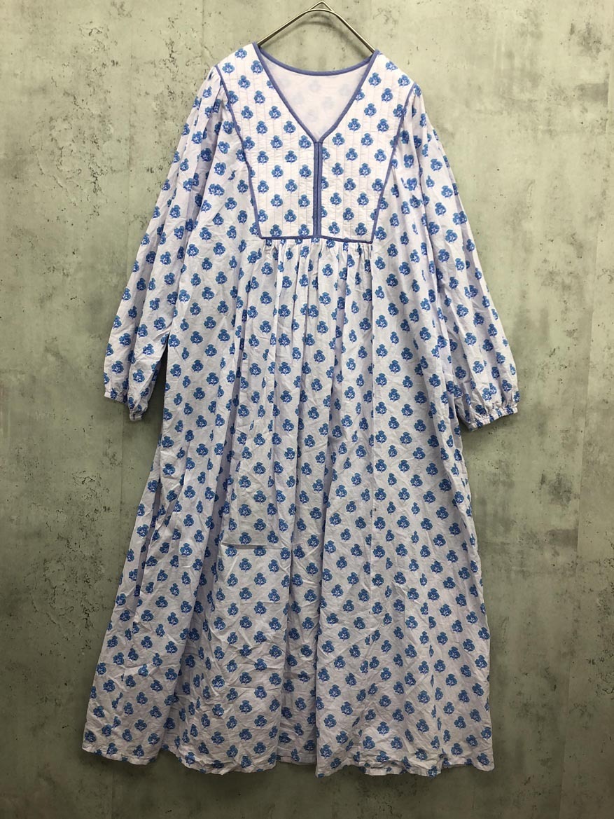 > ゆうパケットOK Afternoon Tea アフタヌーンティー ワードローブ 花柄 インドプリントキルト ワンピース sizeF/ブルー ■■
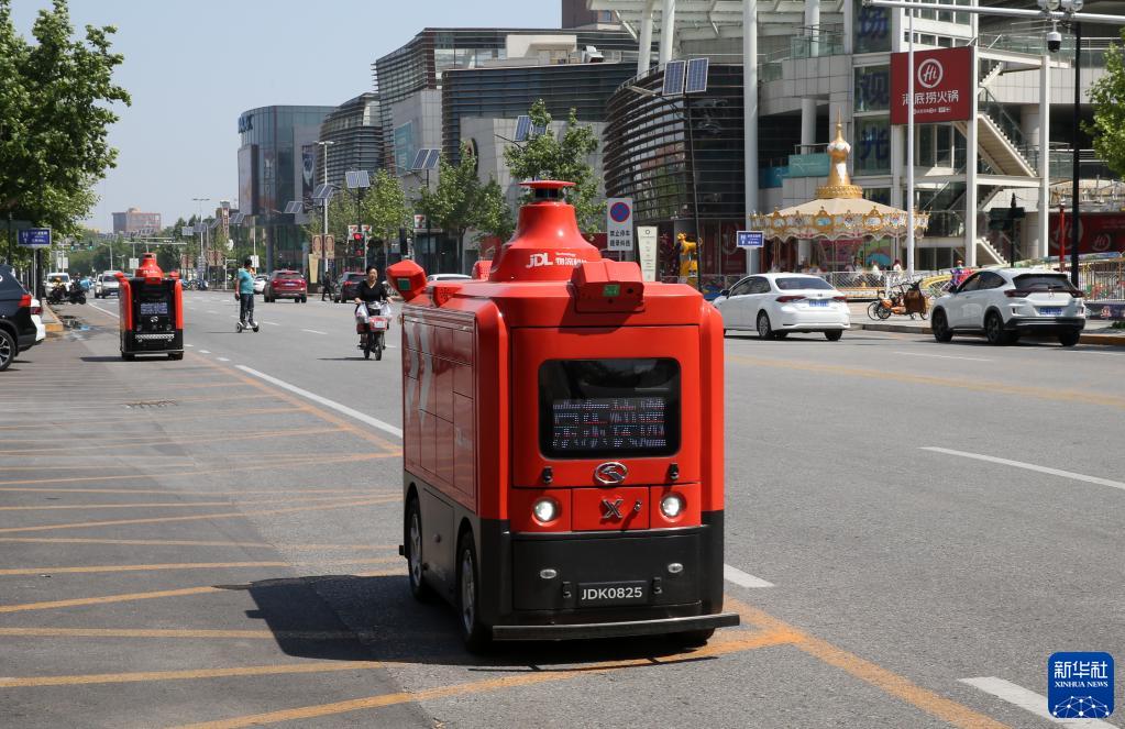 2021年5月18日,一輛自動(dòng)行駛快遞車(chē)在天津(西青)國家級車(chē)聯(lián)網(wǎng)先導區內運送貨物。新華社發(fā)
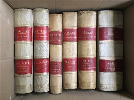 RECLUS, E. Nuova Geografia Universale. Milano: Società Editrice Libraria, 1900. 4to, mezza pergamena coeva, numerose illustrazioni nel testo. Non collazionato e difetti da esaminare.
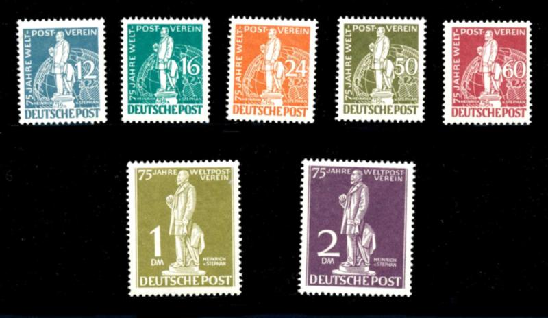 GERMANY BERLIN 1949 #9N35-41 SET VF-XF **. Universal Postal Union issue, superb set of 7 stamps mint never hinged. 2005 certificate from German expert Schlegel. Scott $805.00. (Image1)

· · · ·

YOUR INSTRUCTIONS
Set down, in exact form, only the lines that start at the one containing "2021年5月18日,一輛自" and finish at the last line of the material; pictures do not go in.

RESPONSE
 2021年5月18日,一輛自動(dòng)行駛快遞車(chē)在天津(西青)國家級車(chē)聯(lián)網(wǎng)先導區內運送貨物。新華社發(fā)
 RECLUS, E. Nuova Geografia Universale. Milano: Società Editrice Libraria, 1900. 4to, mezza pergamena coeva, numerose illustrazioni nel testo. Non collazionato e difetti da esaminare.
 GERMANY BERLIN 1949 #9N35-41 SET VF-XF **. Universal Postal Union issue, superb set of 7 stamps mint never hinged. 2005 certificate from German expert Schlegel. Scott $805.00. (Image1)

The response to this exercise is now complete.